Я вошел в темную камеру, как в склеп. Твердохлеб и Хвощинский метнулись глазами навстречу. Они сидели на койках, вытянув в мою сторону головы, и кажется не одними глазами, всем телом жадно ждали. Я сдерживался, но сразу заметил, как изменился, погас взгляд Твердохлеба Он мгновенно понял по моему лицу.

Нельзя молчать, надо говорить. Смущенно, спотыкаясь и увязая в словах, говорю, мне дали три года и сейчас повезут в Соловки. У Хвощинского вырвалось "А мы?" Твердохлеб молча лег на койку и закрылся бушлатом с головой.

Давясь, я глотал суп и хлеб, опустив глаза. Было мучительно стыдно. Лучше бы ничего не объявляли, лучше не было бы чуда и я остался бы с ними до конца. Как я могу радоваться, если им еще ждать? Как жить, если они не будут жить? Как моту я оторвать себя от них, от наших общих ночей и дней?

А сквозь стыд буйно пробивалось: я буду жить. Животно ликовало тело: меня не будут убивать. Я - не с ними. Я корил себя за этот стыдный эгоизм, - сознание опрокидывало мои старания, все равно ничего не изменить.

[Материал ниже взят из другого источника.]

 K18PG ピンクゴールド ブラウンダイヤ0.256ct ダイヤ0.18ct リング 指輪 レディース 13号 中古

Охранник стучит в дверь, торопит. Я смотрю на Твердохлеба, на Хвощинского и не знаю, как попрощаться с ними. Нет слов, подходящий к такому прощанию. Я хотел бы обнять их, но вижу, что они уже чуждаются меня. Я не знаю, и так и не узнаю никогда, что ждет их.

Хвощинский подкошено садится на койку. Я глухо говорю: "Прощайте, друзья". Хвощинский сдавленно прошептал: "Прощай". Твердохлеб, с искаженным лицом, только махнул рукой, будто отмахиваясь от меня. Мертвым не до живых.

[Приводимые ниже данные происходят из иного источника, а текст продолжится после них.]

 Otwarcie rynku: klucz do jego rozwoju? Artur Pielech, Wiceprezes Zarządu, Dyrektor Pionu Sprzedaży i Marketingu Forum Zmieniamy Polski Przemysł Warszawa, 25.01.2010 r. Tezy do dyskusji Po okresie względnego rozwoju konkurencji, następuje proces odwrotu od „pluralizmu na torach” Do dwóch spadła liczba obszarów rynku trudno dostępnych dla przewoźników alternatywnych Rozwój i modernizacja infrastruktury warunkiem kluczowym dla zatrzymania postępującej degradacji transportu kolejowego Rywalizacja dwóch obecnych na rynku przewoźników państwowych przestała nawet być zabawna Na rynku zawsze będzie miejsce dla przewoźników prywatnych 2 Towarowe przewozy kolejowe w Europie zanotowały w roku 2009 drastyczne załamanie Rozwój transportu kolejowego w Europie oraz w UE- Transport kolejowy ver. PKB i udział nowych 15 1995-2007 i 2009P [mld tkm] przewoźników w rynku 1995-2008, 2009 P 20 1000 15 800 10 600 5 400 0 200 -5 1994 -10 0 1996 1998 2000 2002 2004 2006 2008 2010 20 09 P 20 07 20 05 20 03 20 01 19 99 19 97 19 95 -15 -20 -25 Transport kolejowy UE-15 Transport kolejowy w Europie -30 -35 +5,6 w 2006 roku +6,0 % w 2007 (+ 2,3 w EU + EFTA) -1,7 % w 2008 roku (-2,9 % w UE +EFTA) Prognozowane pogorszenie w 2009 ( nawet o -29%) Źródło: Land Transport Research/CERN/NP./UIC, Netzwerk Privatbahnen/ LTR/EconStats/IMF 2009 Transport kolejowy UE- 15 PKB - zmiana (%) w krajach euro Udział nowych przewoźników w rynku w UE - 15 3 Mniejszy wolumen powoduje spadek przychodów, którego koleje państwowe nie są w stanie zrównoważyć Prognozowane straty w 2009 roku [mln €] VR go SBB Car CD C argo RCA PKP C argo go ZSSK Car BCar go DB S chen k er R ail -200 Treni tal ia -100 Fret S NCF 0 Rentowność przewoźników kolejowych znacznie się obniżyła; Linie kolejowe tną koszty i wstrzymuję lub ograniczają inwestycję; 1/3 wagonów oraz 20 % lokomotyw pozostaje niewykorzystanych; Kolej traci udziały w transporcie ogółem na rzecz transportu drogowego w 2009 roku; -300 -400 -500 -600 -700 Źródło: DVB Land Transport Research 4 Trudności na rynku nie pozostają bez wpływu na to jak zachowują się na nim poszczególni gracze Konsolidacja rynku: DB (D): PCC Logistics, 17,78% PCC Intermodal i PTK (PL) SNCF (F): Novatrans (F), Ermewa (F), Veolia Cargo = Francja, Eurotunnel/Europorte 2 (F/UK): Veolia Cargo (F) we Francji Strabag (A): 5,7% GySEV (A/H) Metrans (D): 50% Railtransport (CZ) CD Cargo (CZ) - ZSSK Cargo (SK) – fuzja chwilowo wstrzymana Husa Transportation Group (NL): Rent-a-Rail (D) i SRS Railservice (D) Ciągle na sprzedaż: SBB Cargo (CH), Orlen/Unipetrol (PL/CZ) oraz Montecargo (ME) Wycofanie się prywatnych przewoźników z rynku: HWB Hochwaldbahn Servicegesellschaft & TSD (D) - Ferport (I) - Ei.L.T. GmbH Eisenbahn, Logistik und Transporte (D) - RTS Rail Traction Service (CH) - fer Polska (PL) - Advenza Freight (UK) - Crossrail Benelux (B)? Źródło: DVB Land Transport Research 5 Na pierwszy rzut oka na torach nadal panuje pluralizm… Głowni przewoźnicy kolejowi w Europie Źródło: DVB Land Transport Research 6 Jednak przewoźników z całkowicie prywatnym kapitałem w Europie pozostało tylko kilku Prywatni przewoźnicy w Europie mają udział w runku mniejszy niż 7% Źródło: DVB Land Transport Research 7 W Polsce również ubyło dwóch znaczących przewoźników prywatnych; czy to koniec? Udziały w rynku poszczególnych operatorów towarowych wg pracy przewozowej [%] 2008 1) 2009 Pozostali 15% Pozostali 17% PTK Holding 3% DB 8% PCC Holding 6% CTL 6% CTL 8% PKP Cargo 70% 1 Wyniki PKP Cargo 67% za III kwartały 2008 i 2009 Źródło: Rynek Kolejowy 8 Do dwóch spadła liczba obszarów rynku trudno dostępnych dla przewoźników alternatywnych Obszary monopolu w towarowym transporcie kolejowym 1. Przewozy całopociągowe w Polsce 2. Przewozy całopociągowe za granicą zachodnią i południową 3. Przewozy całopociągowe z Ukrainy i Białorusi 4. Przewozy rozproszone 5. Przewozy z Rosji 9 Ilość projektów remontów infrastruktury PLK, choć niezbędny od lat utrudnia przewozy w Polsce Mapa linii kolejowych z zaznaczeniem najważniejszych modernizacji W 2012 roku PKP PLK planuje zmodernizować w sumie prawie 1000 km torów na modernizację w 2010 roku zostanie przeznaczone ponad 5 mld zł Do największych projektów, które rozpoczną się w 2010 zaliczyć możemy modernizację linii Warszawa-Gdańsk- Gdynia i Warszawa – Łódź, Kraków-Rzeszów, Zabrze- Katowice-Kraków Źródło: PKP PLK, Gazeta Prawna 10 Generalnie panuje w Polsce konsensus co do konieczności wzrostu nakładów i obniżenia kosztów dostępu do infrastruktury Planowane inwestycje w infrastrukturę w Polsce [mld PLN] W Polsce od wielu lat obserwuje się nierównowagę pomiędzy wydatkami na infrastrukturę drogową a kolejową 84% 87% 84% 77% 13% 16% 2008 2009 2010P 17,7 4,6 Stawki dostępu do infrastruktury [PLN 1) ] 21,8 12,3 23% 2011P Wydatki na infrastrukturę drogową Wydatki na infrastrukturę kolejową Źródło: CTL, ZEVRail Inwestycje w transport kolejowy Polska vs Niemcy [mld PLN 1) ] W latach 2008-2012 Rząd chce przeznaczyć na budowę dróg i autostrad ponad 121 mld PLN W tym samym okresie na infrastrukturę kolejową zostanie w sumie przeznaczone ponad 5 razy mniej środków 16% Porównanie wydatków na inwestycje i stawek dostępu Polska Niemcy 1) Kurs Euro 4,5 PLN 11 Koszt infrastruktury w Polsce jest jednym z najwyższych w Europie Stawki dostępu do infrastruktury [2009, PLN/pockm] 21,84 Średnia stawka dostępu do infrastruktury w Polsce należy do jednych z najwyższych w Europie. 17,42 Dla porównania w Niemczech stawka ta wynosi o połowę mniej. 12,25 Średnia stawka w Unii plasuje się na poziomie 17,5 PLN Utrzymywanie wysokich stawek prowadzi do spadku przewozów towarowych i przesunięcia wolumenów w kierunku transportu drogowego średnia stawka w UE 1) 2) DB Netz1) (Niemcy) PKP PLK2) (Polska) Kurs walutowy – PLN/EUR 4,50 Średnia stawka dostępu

Во дворе ждет полуторатонка. Забираюсь в кузов. Рядом два конвоира. Старший конвоя сидит в кабинке, у шофера.

Машина трогается, выезжает за ворота. Прощай, лагпункт Пионерный, Прощай, изолятор. Я еще вижу нашу камеру, Твердохлеба, Хвощинского, - нет только меня. От этого давит тяжесть, голова уходит в плечи. Мне стыдно, что я остался жить.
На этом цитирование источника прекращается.